Visually well-sculpted images, in fact, evoke a terrifying reality of the survival of the fittest and the struggle between nature and civilization. The lives of simple people who make their living from farming are actually rural areas densely organized with the daily routine of tragic violence amidst fierce struggle. The peaceful, healing rural countryside we often envision is a complete fiction and fantasy. Rice paddies and fields, commonly depicted as romantic landscapes, are factories where humans elaborately and meticulously develop and exploit nature.
Essential reality is ultimately a peaceful and happy delusion. Each person merely experiences a relative (non-essential) reality based on their own perspective and circumstances. Essential reality is not sensed. It is something transcendent, beyond phenomena. The artist momentarily stands in the field of survival and struggle, seeking an aesthetic singularity where nature and civilization can find balance. In this world of reality and utility, the artist thus contemplates a greater utility, traversing everyday labor and rational thought as existential conditions.

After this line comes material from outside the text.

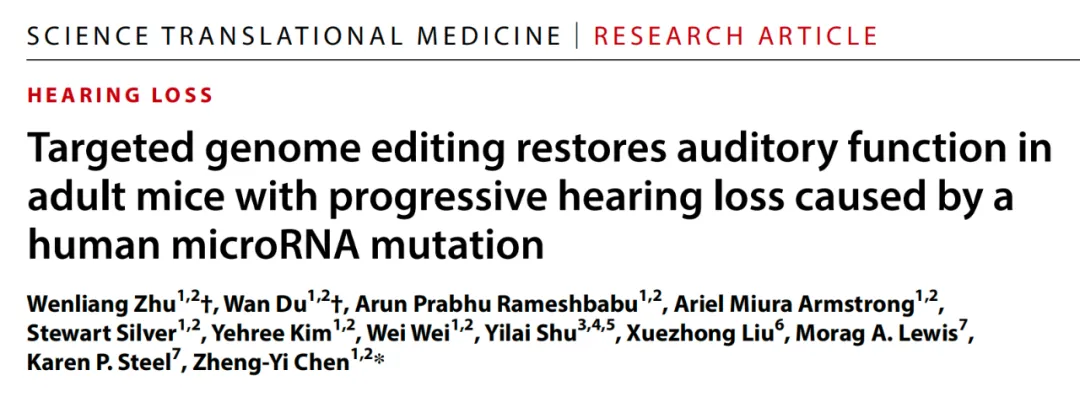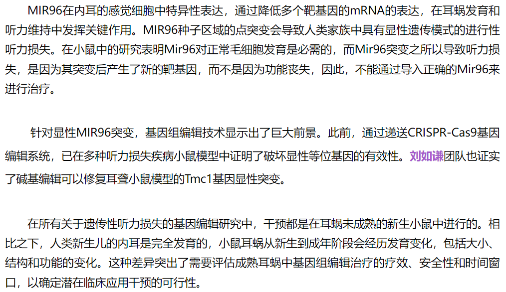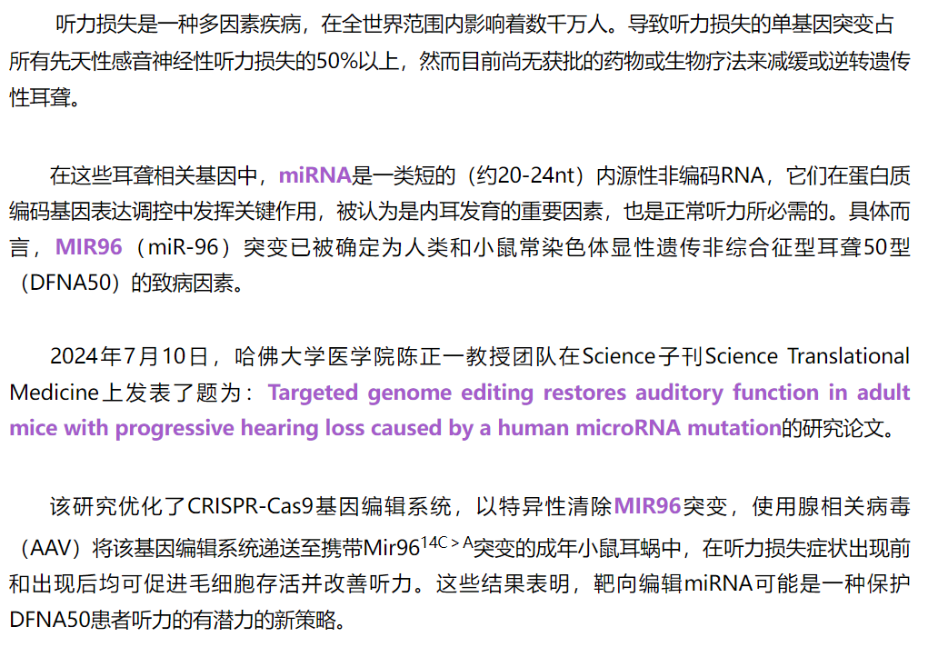 文献分享 | Science子刊:靶向miRNA的基因编辑疗法治疗遗传性MIR96突变耳聋的研究进展
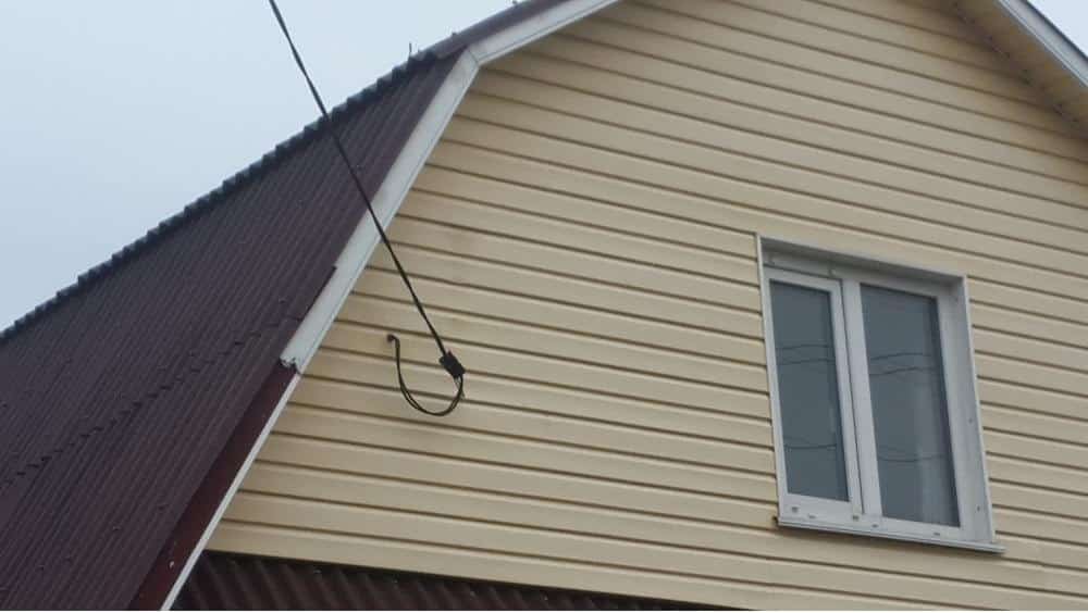 Просверлите отверстие в стене и заведите кабель в сарай. Место ввода лучше выбирать в непосредственной близи от точки крепления.

Tracing back to their ultimate origin, all existents are interdependent and interconnected. People, too, are dependent on other people and things, and most live forgetting this. The American pragmatist philosopher John Dewey viewed life as a process of problem-solving, but in fact, the process of problem-solving is paradoxically also a process that creates more serious and complex problems. Amidst the complexity and unpredictability of life, we experience numerous events where normalcy and abnormality are intertwined, and we reconstruct reality through these experiences. The most sublime beauty unfolds alongside the most humble reality. The technology and culture that solved humanity's food problem return as a boomerang in the form of nature's revenge, threatening humanity's survival. The axes of childhood and growth experiences, the artist's current life as a painter, industrial society and advanced information society, and the reality of agriculture that must produce our food are strangely intertwined. Through the language of painting, the artist calmly testifies to the tragedy of nature and the cruel reality of humanity, delving deeply into the foundations of life and livelihood.